Task prompt - Retype, exactly as they appear below, the lines between the line holding "The World’s worst-hit" and the line holding "Potrai perfezionare la", both ends included.

Data -
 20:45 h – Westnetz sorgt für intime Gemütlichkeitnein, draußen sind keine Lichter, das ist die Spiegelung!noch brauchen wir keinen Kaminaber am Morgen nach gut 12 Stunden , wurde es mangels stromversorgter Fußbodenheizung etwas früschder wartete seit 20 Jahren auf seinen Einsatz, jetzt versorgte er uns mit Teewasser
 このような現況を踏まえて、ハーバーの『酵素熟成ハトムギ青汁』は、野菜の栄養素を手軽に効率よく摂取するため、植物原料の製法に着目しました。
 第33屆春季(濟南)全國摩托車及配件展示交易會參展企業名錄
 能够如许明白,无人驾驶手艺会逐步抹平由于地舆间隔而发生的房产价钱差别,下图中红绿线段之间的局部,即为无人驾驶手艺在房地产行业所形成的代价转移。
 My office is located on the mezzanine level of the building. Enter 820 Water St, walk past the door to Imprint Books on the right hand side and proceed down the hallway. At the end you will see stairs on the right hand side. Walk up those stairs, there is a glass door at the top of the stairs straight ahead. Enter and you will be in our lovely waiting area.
---
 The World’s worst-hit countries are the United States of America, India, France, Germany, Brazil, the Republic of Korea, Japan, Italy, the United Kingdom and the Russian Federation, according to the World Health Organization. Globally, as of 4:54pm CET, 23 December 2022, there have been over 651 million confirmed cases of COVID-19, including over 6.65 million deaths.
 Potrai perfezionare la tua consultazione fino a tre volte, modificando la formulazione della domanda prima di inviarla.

Solution to this exercise -
 The World’s worst-hit countries are the United States of America, India, France, Germany, Brazil, the Republic of Korea, Japan, Italy, the United Kingdom and the Russian Federation, according to the World Health Organization. Globally, as of 4:54pm CET, 23 December 2022, there have been over 651 million confirmed cases of COVID-19, including over 6.65 million deaths.
 Potrai perfezionare la tua consultazione fino a tre volte, modificando la formulazione della domanda prima di inviarla.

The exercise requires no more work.